Without pictures, output exactly the lines running from the line containing "Фигурна рокля, вдъхновена" to the end of the listing below.
[Opening INFORMATION PROVIDED section]
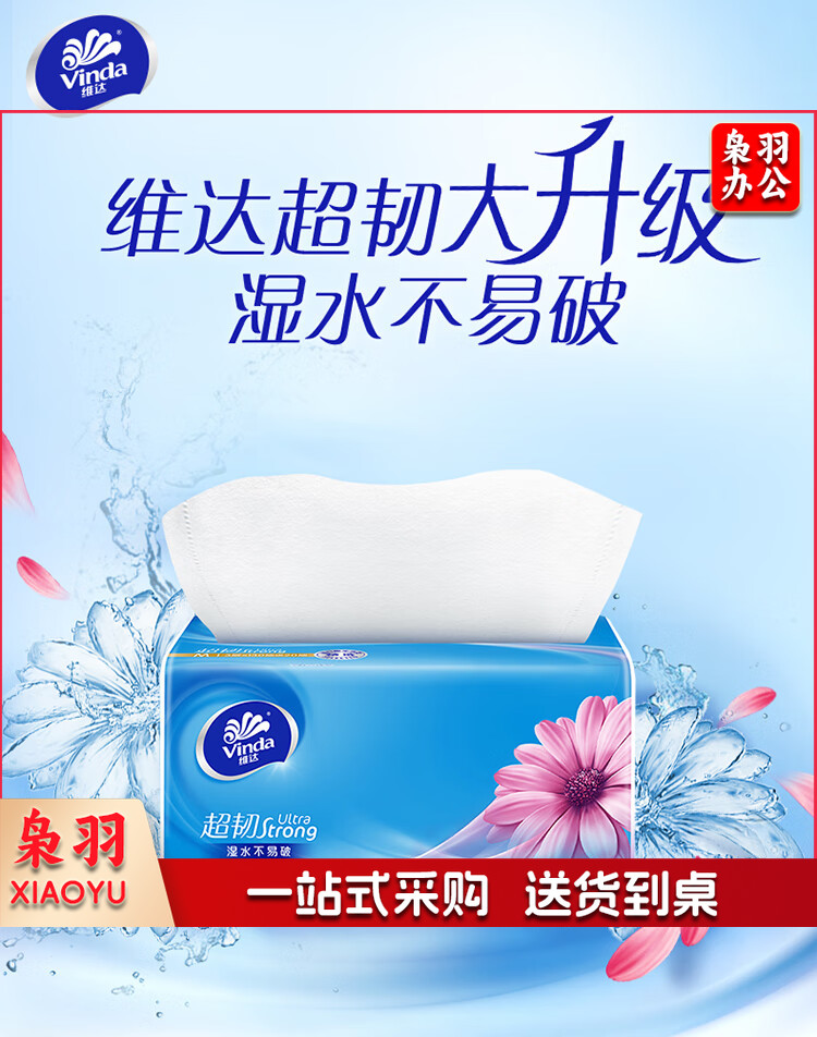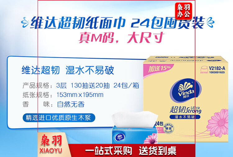 维达(Vinda)抽纸 超韧3层150抽*24包M码 湿水不易破 纸巾卫生纸 餐巾纸 整箱
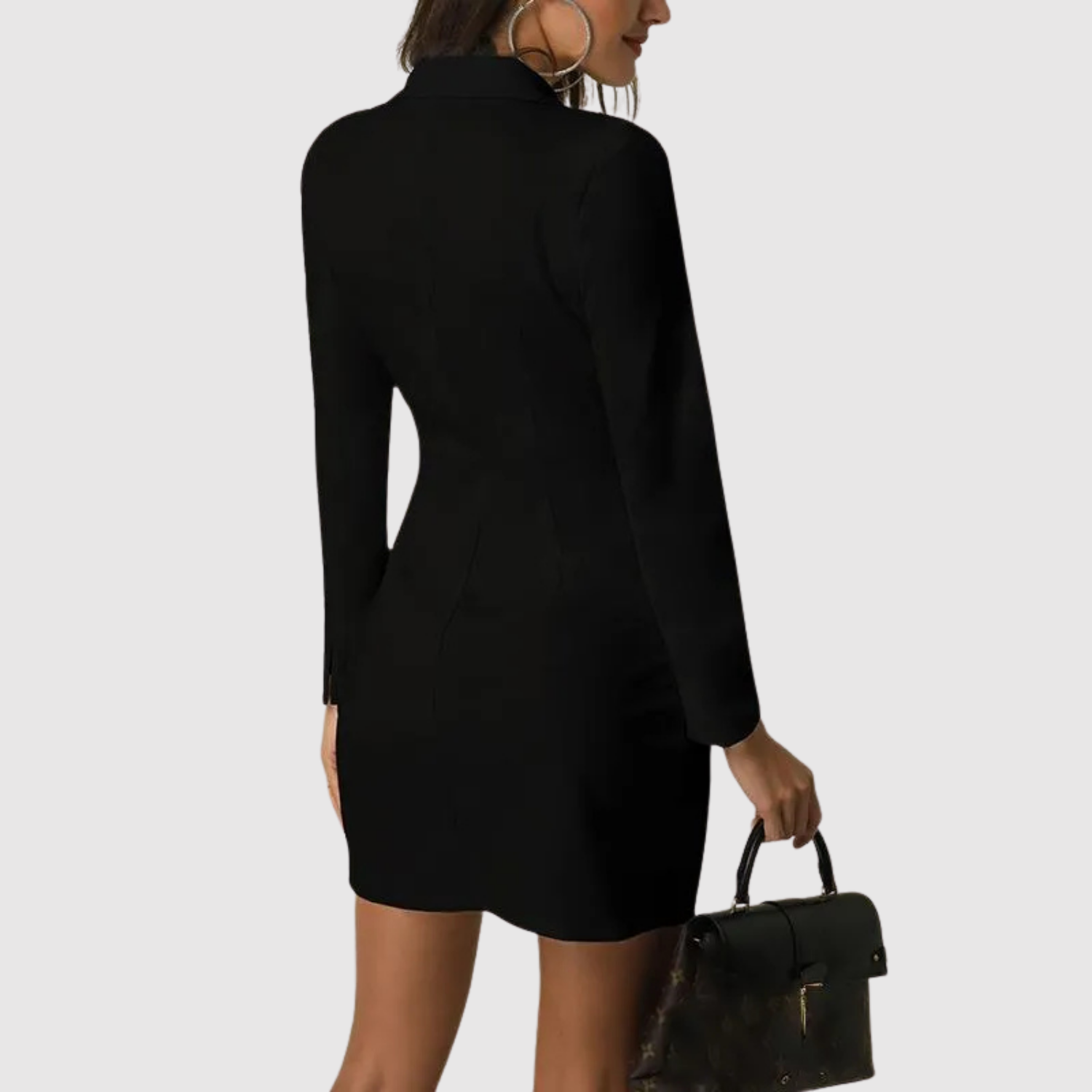 Фигурна рокля, вдъхновена от класическия блейзър дизайн. Двуредното закопчаване и изразителните рамене придават професионален, но женствен вид – идеална както за бизнес срещи, така и за вечерни събития.
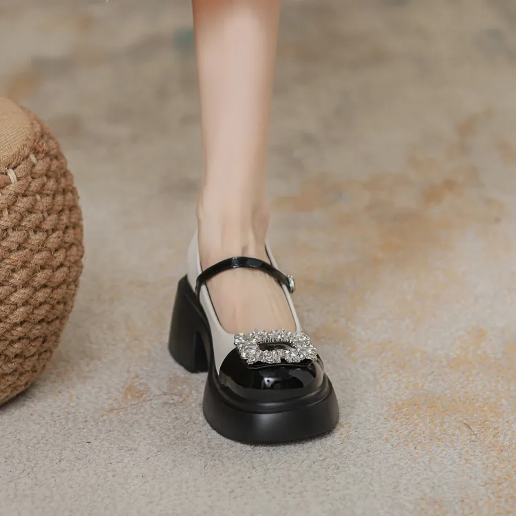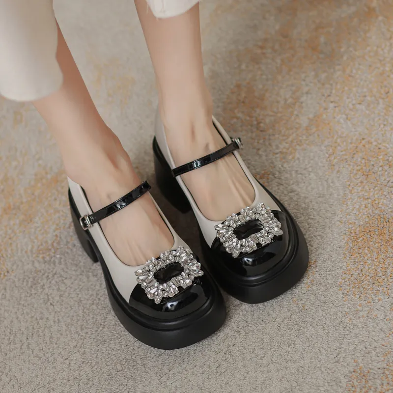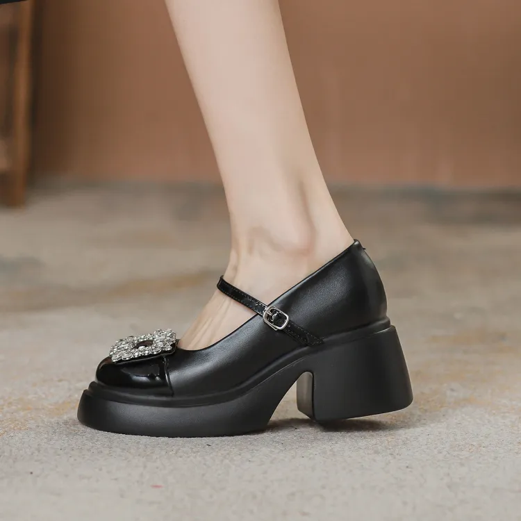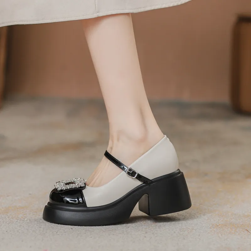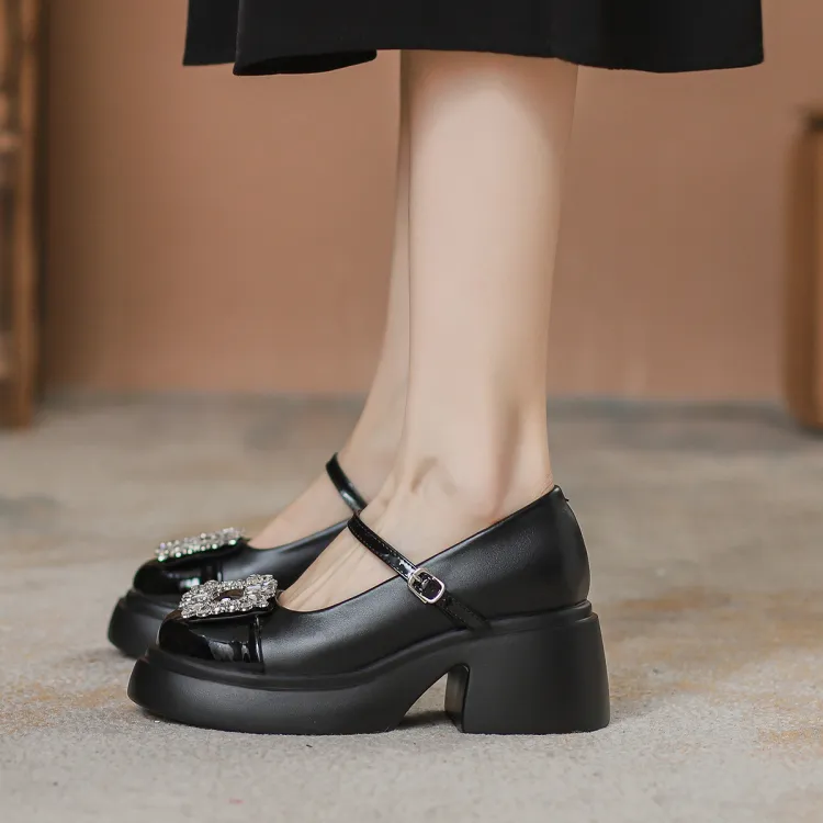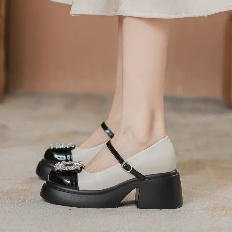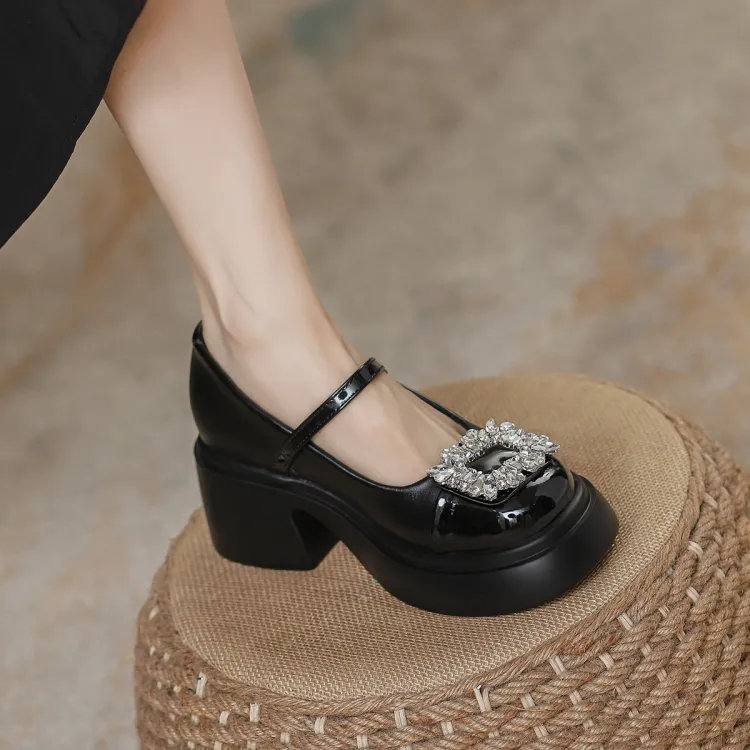 Pounise Грубый каблук Мэри Джейн туфли 7 см женские
[Closing INFORMATION PROVIDED section]
• [TASK SOLUTION]
 Фигурна рокля, вдъхновена от класическия блейзър дизайн. Двуредното закопчаване и изразителните рамене придават професионален, но женствен вид – идеална както за бизнес срещи, така и за вечерни събития.
 Pounise Грубый каблук Мэри Джейн туфли 7 см женские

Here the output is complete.